* [BRIEF]:
The reply should contain every line of the data, repeated exactly, and no pictures.

── AVAILABLE DATA

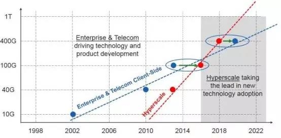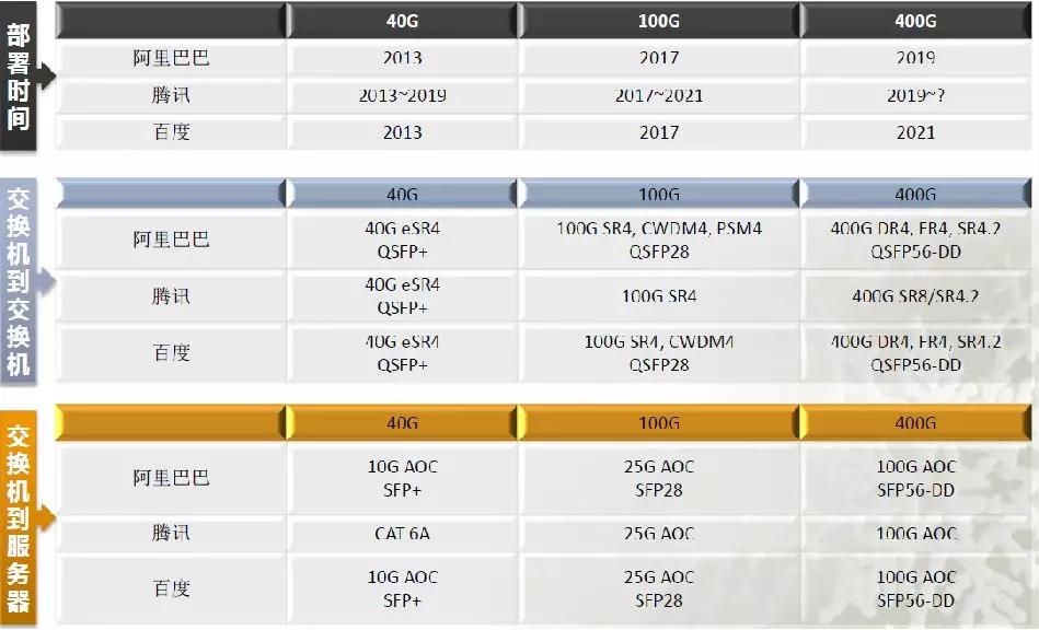 现阶段数据中心的100G方案已经成熟, 2019年400GbE初期部署将开启, 400GbE模块的攀升将从400G-DR4开始。谷歌2018年开始部署2*200GbE光收发器,腾讯也于2018年的三四月份开始了400G系统级测试。
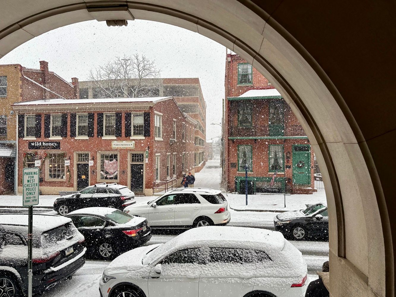 âThereâs a guy stuck in Pear Alley right now trying to get onto W. Washington St. He tried to drive over a mountain of snow that a plow put there thatâs higher than the hood of his car. I thought he saw the mountain and was going to attempt to reverse out but he didnât. He just gunned it right into the wall of snow for some reason. Thereâs no way heâs getting out of there without a tow truck,â resident Melissa Johnston via the West Chester Borough Police Department Facebook page.
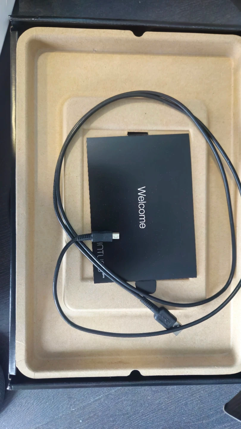 This Wacom Intuos Pro tablet is designed for professional creative work. It comes with the pen and a USB cable for connectivity. Its multi-touch surface allows for intuitive control of your digital art projects.
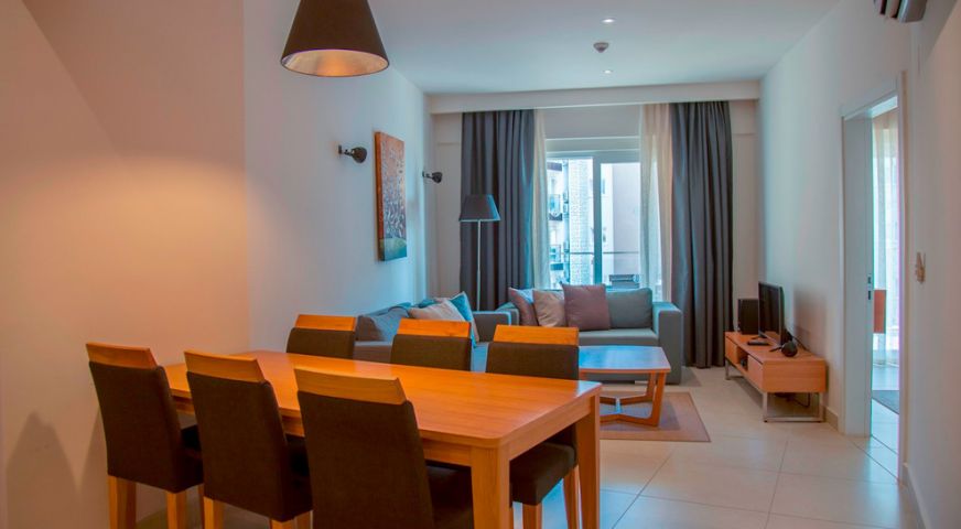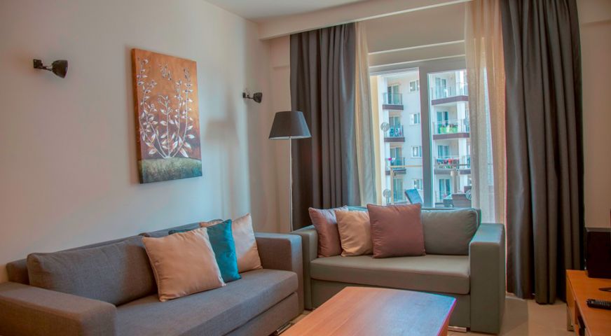 Хотелът се състои от четири сгради, в които са разпределени 443 климатизирани стаи, от които 288 Superior Room (34 кв.м), 63 Junior Suite Room (1 спалня, хол - 53 кв.м), 91 Family Suite Room (2 спални, хол, 2 бани - 71 кв.м) и 2 Handicapped (пригодени за хора с ограничена подвижност).Всички стаи са оборудвани с телевизор, телефон, сет за чай/кафе, минибар (безплатно еднократно зареждане с вода и безалкохолни напитки при настаняване), сейф (безплатен), баня с душ, сешоар, безплатни тоалетни принадлежности, балкон, Wi-Fi . Почистване на стаите – всеки ден, смяна на спалното бельо – 3 пъти в седмицата, смяна на на кърпите – 2 пъти в седмицата.
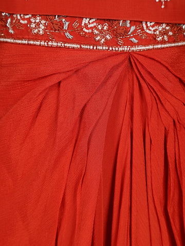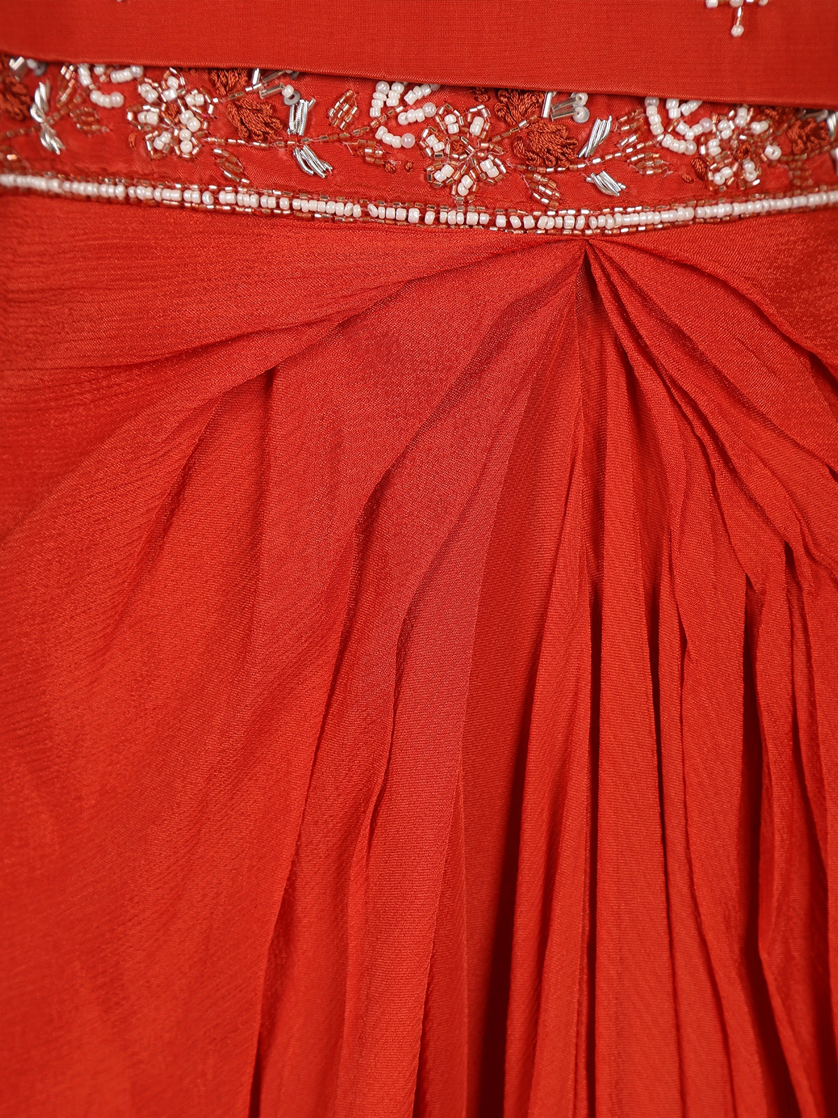 Rust Orange Floral Sequins Embroidered Chiffon Skirt Top
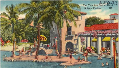 The Venetian Pool in Coral Gables, is a historic public swimming facility renowned for its unique origin and design. Originally a coral rock quarry, it was transformed in 1924 into a Mediterranean-inspired oasis by artist Denman Fink and architect Phineas Paist under the vision of city founder George Merrick. The pool features waterfalls, grottos, and a scenic bridge.
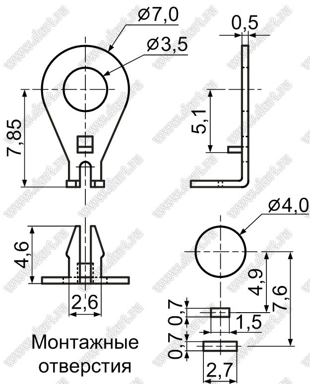 Каталог > Фурнитура для электронных устройств > Наконечники кабельные и клеммы FASTON россыпью в пакетах > Наконечники кабельные неизолированные россыпью в пакетах > Лепестки заземления > GND-15
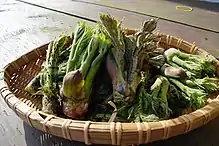 In Korean, the young shoot is called dureup (두릅), and the plant is called dureupnamu (두릅나무, "dureup tree"). Young shoots are harvested during a month, from early April to early May, when they are soft and fragrant. In Korean cuisine, the shoots are commonly eaten blanched as namul, pickled as jangajji, pan-fried as jeon, or deep-fried as bugak.
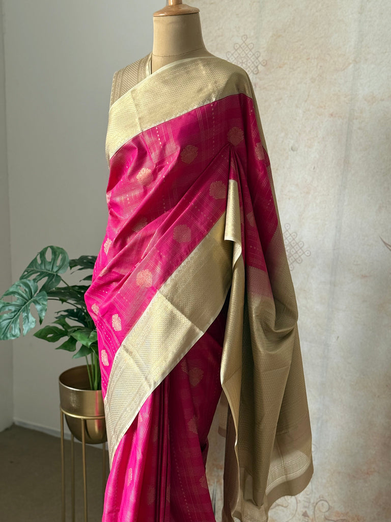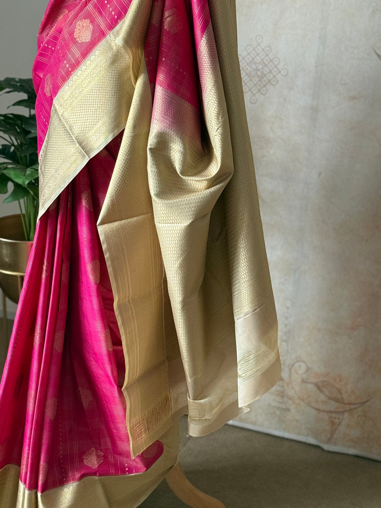 Bring festive charm to your wardrobe with this stunning Semi Kanchi Silk Saree, crafted to reflect timeless South Indian elegance. The saree features a rich Pink body, beautifully adorned with delicate golden zari buttas that add a subtle sparkle and refined grace.
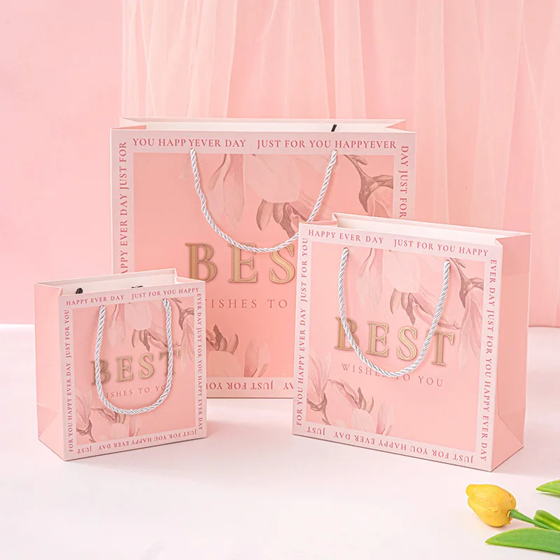 С наилучшими пожеланиями розовая бумага Ювелирные изделия Косметическая одежда обувь упаковка бумажный пакет подарок Шоппинг бумажный мешок с ручкой
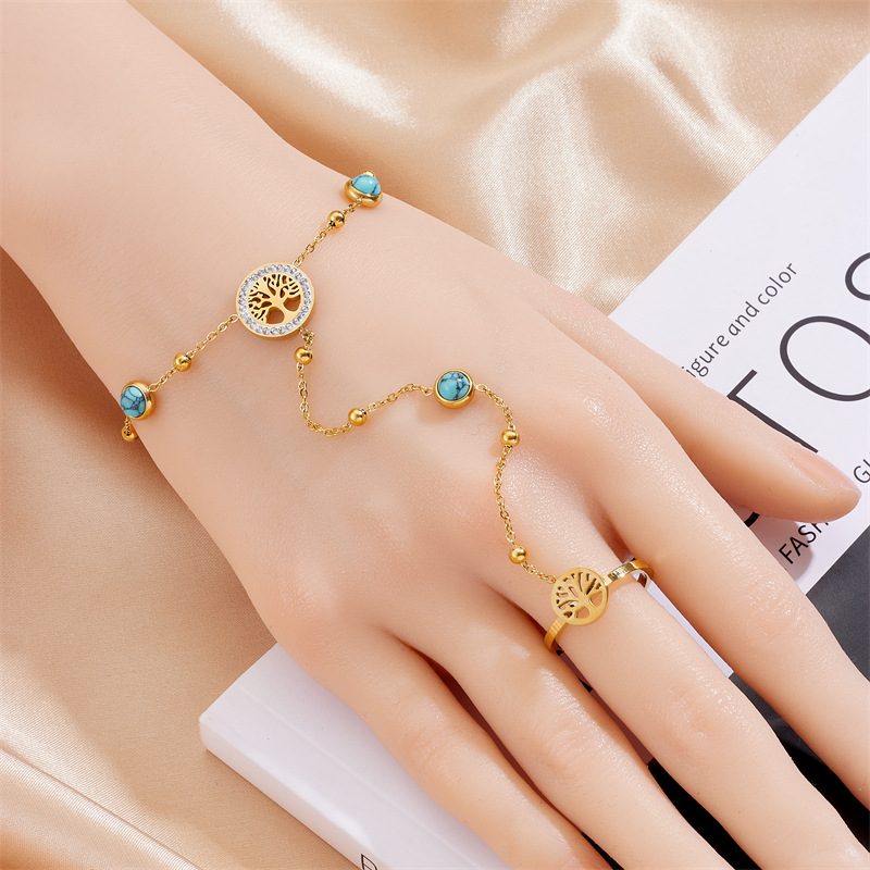 Retro high-end chain gold-plated stainless steel Tree of Life blue turquoise accessories open ring bracelet
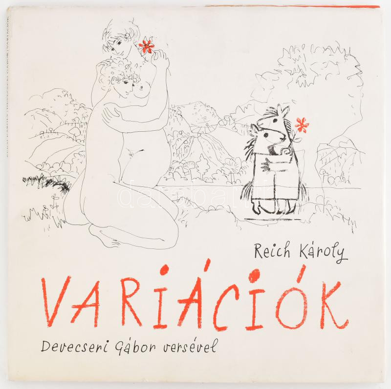 Description: Reich Károly: Variációk. A pamutszamár keservei, átváltozásai és végső boldogsága. Devecseri Gábor versével. (DEDIKÁLT). Bp., 1970, Magyar Helikon. Kiadói egészvászon-kötés, kiadói papír védőborítóban. Reich Károly (1922-1988) Kossuth-díjas grafikus által DEDIKÁLT példány.

────

* [RESPONSE TO THIS EXERCISE]:
 现阶段数据中心的100G方案已经成熟, 2019年400GbE初期部署将开启, 400GbE模块的攀升将从400G-DR4开始。谷歌2018年开始部署2*200GbE光收发器,腾讯也于2018年的三四月份开始了400G系统级测试。
 âThereâs a guy stuck in Pear Alley right now trying to get onto W. Washington St. He tried to drive over a mountain of snow that a plow put there thatâs higher than the hood of his car. I thought he saw the mountain and was going to attempt to reverse out but he didnât. He just gunned it right into the wall of snow for some reason. Thereâs no way heâs getting out of there without a tow truck,â resident Melissa Johnston via the West Chester Borough Police Department Facebook page.
 This Wacom Intuos Pro tablet is designed for professional creative work. It comes with the pen and a USB cable for connectivity. Its multi-touch surface allows for intuitive control of your digital art projects.
 Хотелът се състои от четири сгради, в които са разпределени 443 климатизирани стаи, от които 288 Superior Room (34 кв.м), 63 Junior Suite Room (1 спалня, хол - 53 кв.м), 91 Family Suite Room (2 спални, хол, 2 бани - 71 кв.м) и 2 Handicapped (пригодени за хора с ограничена подвижност).Всички стаи са оборудвани с телевизор, телефон, сет за чай/кафе, минибар (безплатно еднократно зареждане с вода и безалкохолни напитки при настаняване), сейф (безплатен), баня с душ, сешоар, безплатни тоалетни принадлежности, балкон, Wi-Fi . Почистване на стаите – всеки ден, смяна на спалното бельо – 3 пъти в седмицата, смяна на на кърпите – 2 пъти в седмицата.
 Rust Orange Floral Sequins Embroidered Chiffon Skirt Top
 The Venetian Pool in Coral Gables, is a historic public swimming facility renowned for its unique origin and design. Originally a coral rock quarry, it was transformed in 1924 into a Mediterranean-inspired oasis by artist Denman Fink and architect Phineas Paist under the vision of city founder George Merrick. The pool features waterfalls, grottos, and a scenic bridge.
 Каталог > Фурнитура для электронных устройств > Наконечники кабельные и клеммы FASTON россыпью в пакетах > Наконечники кабельные неизолированные россыпью в пакетах > Лепестки заземления > GND-15
 In Korean, the young shoot is called dureup (두릅), and the plant is called dureupnamu (두릅나무, "dureup tree"). Young shoots are harvested during a month, from early April to early May, when they are soft and fragrant. In Korean cuisine, the shoots are commonly eaten blanched as namul, pickled as jangajji, pan-fried as jeon, or deep-fried as bugak.
 Bring festive charm to your wardrobe with this stunning Semi Kanchi Silk Saree, crafted to reflect timeless South Indian elegance. The saree features a rich Pink body, beautifully adorned with delicate golden zari buttas that add a subtle sparkle and refined grace.
 С наилучшими пожеланиями розовая бумага Ювелирные изделия Косметическая одежда обувь упаковка бумажный пакет подарок Шоппинг бумажный мешок с ручкой
 Retro high-end chain gold-plated stainless steel Tree of Life blue turquoise accessories open ring bracelet
 Description: Reich Károly: Variációk. A pamutszamár keservei, átváltozásai és végső boldogsága. Devecseri Gábor versével. (DEDIKÁLT). Bp., 1970, Magyar Helikon. Kiadói egészvászon-kötés, kiadói papír védőborítóban. Reich Károly (1922-1988) Kossuth-díjas grafikus által DEDIKÁLT példány.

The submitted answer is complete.